The relationship between the human security variables and institutional breakdown is much more consistent, shown on Fig 3. The variables (in blue) plot near to one another, except for VIO (personal security). There is a general separation between the six cases that experienced institutional breakdown (INST = 0.75 or 1, colored orange or red) and those that saw little or no institutional change (INST = 0 or 0.25, colored dark or bright green). The former are pulled to the right by their positive loadings on the human securities variables (higher scores indicate a decline), the latter pulled to the left by their inverse variables. These results show the strong relationship between institutional breakdown and a decline in the human securities. The one surprising exception is personal security (VIO).
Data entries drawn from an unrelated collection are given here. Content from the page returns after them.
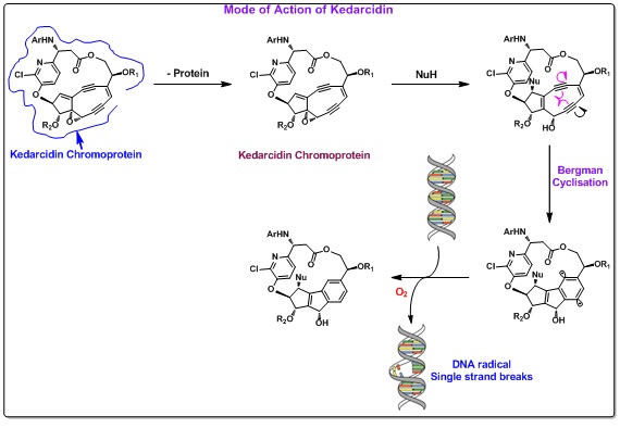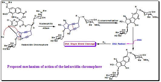 Kedarcidin is a new chromoprotein antitumor antibiotic that was isolated from the fermentation broth of a novel actinomycete strain. It consists of an apoprotein and a cytotoxic, highly labile, non protein chromophore. The apoprotein is water soluble while the chromophore is solvent-extractable, cytotoxic and highly unstable. As with NCS, the antitumor activity of kedarcidin is due primarily to the chromophore. The enediyne core is activated by chemical reduction (e.g. sodium borohydride) followed by spontaneous cyclization to a biradical intermediate and DNA cleavage (Scheme 6).
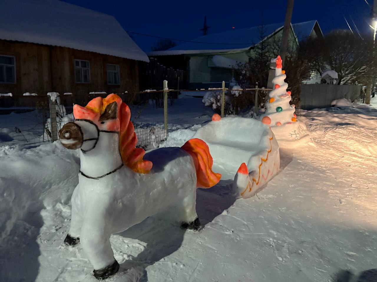 Второе место – Нэлли Шарапова, улица 9-я Демидовская, 17. Лепка ледяных статуй – легко! Символ года – лошадь – главная композиция ледяного городка.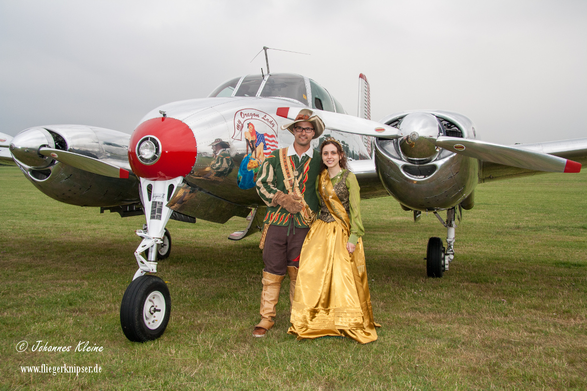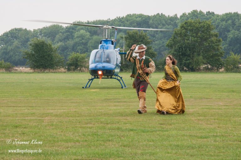 Den ganzen Tag über starteten und landeten in den Programmpausen weitere Fly In Besucher, wobei auch die Rundflugpiloten kräftig zu tun hatten. Mit dem „Jägerken von Soest“ Jens Hüttenschmidt in Begleitung der Börde Königin Jale-Katalin Heitbreder wurde dann auch noch prominenter Besuch standesgemäß eingeflogen.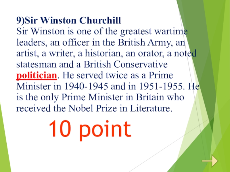 Слайд 589)Sir Winston Churchill Sir Winston is one of the greatest wartime leaders, an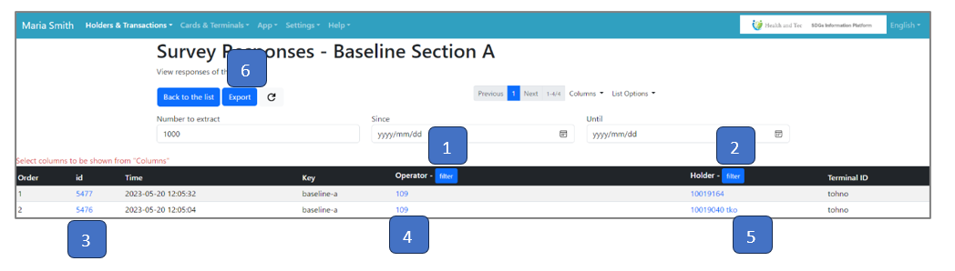 ![]() | Step 2: The selected key of responses will be displayed in the list. Click “Columns” to show or hide items. |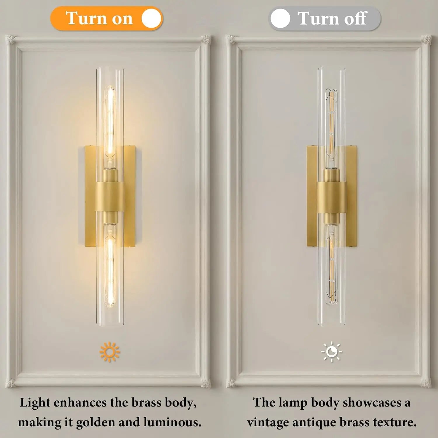 Illuminate your space with a sleek, dimmable wall sconce set featuring clear glass tubes for a clean, contemporary glow.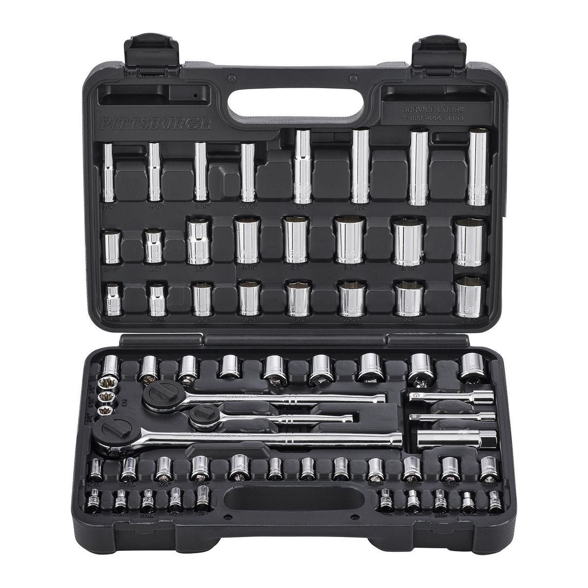 | Contents | (3) Ratchet wrenches: 1/4 in., 3/8 in., and 1/2 in. drive, (26) 1/4 in. Sockets, (27) 3/8 in. Sockets, (6) 1/2 in. Sockets, (2) Extension bars: 1/4 in. and 3/8 in. |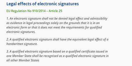 Qualified Electronic Signatures are considered the same as handwritten signatures:
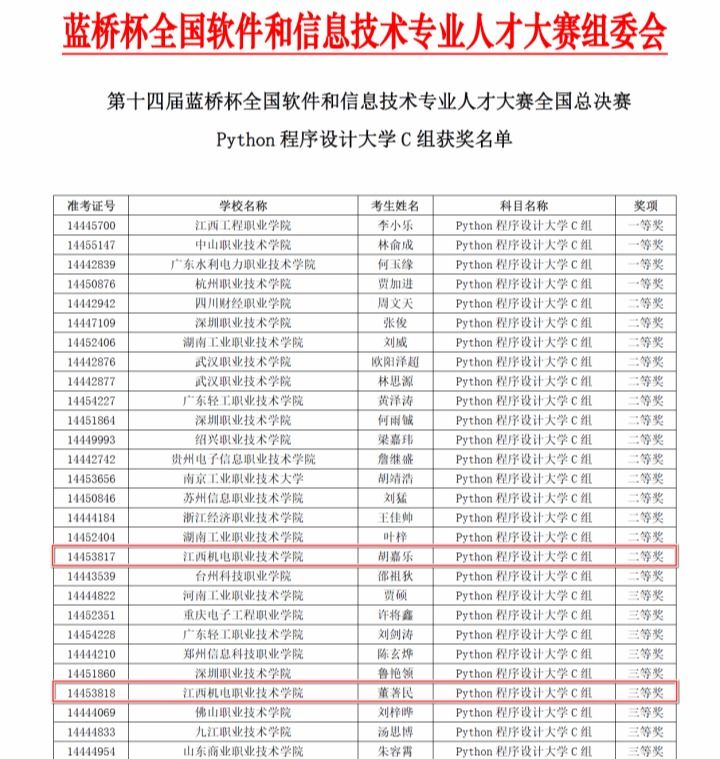6月16日,第十四届“蓝桥杯”全国软件和信息技术专业人才大赛软件类全国总决赛Python程序设计赛项在江西师范大学顺利落幕。公司XC体育参赛的两位学子喜获佳绩,其中胡嘉乐同学荣获国赛二等奖,董著民同学荣获国赛三等奖。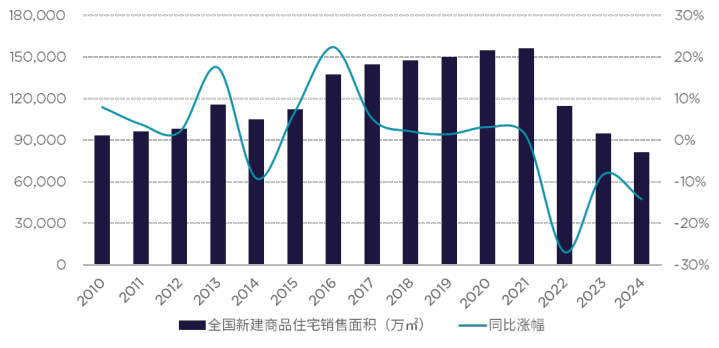 | 2025年开年以来,全国多地楼市延续了2024年四季度以来止跌回稳的向好态势。近日,戴德梁行发布了《2024年四季度全国住宅市场研究》报告,数据显示,政策“组合拳”发挥效力,第四季度新建商品住宅销售面积同比上涨2.9%;四季度住房市场供需双双放量,库存小幅上升。 四季度新建商品住宅销售面积上涨2.9% 2024年国内GDP实现了5%的增速,推动经济总量突破130万亿元大关。全年住宅开发投资同比下降10.5%,降幅与1-9月持平。其中住宅新开工面积及住宅竣工面积分别较上年下降23.0%和27.4%。 相较于竣工面积降幅明显扩大,2024年住宅新开工面积同比降幅相对平稳,意味着在“保交楼”已取得显著成效的当下,房企有限的资金支配力不得不在“谋发展”上做出更多布置,结合住宅新规逐步在各地落地,预示着我们即将迎来以居住环境品质升级为代表的新一轮的楼市供应周期。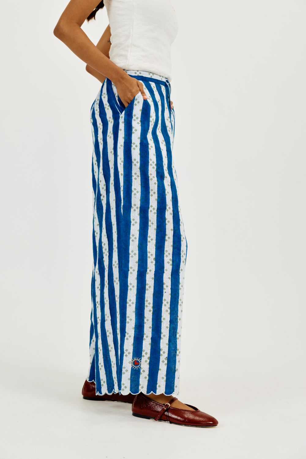 Breezy, bold, and block-printed, these wide-leg cotton pants are your easy answer to summer. Handcrafted in vibrant blue stripes with a floral heart embroidery twist, they feature a comfy drawstring waist and scalloped hem for that extra flair. Pair it with literally everything because stripes are always in season.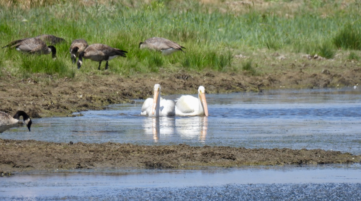 Among the birds I saw were American White Pelicans, American Avocets, White-faced Ibis, Long-billed Dowitchers, Mallards, Gadwalls, Greater Yellowlegs, Canada Geese, Pied-billed Grebes, Northern Shovelers, Great Blue Herons, and a Swainson’s Hawk.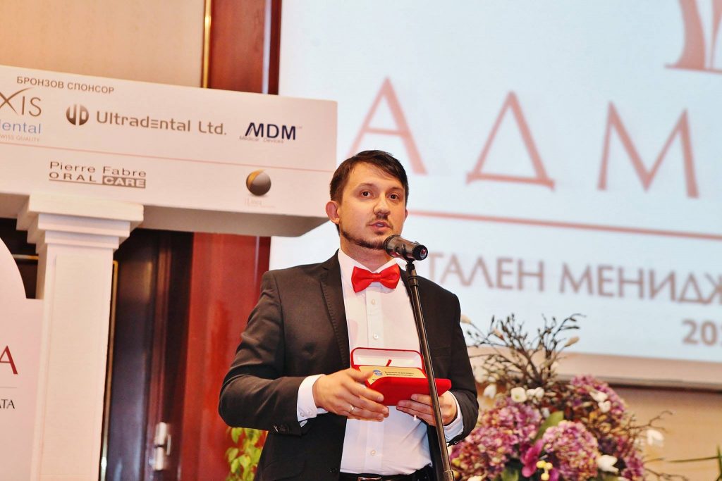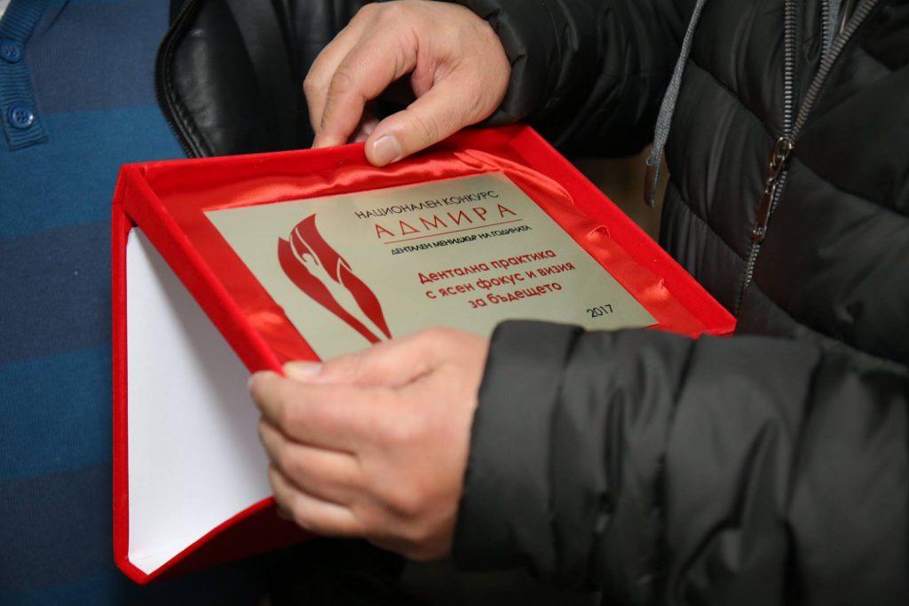 Искрено благодарни сме на журито в конкурса „Дентален мениджър на годината – Адмира 2017”! Самото отличие показва, че посоката ни е правилната, защото това са два от най-важните елементи от развитието на екипа ни – фокус и визия как трябва да се променяме.

Four cases (Z1, S1, MV1, MV2) had scores indicating a decline in personal security (VIO = 0.75 or 1), and while they all plot above the X axis, they do not otherwise stand out.

The same procedures are applied to the depopulation (DPOP) scores to understand how depopulation is associated with both the general nature of change and change in human securities. Fig 2, discussed above, plotted the nature of change variables color-coded by institutional breakdown. Fig 4 plots those same variables but this time color-coded by depopulation; placement of the variables and transformation cases is the same on both figures, they differ only in how they are color-coded. The main difference between the two plots is the distribution of cases with intermediate depopulation scores (DPOP = 0.25 or 0.75), colored bright green or orange. On Fig 2 there are only three of these, all right of the Y-axis; on Fig 4 there are five and they are found in all four quadrants.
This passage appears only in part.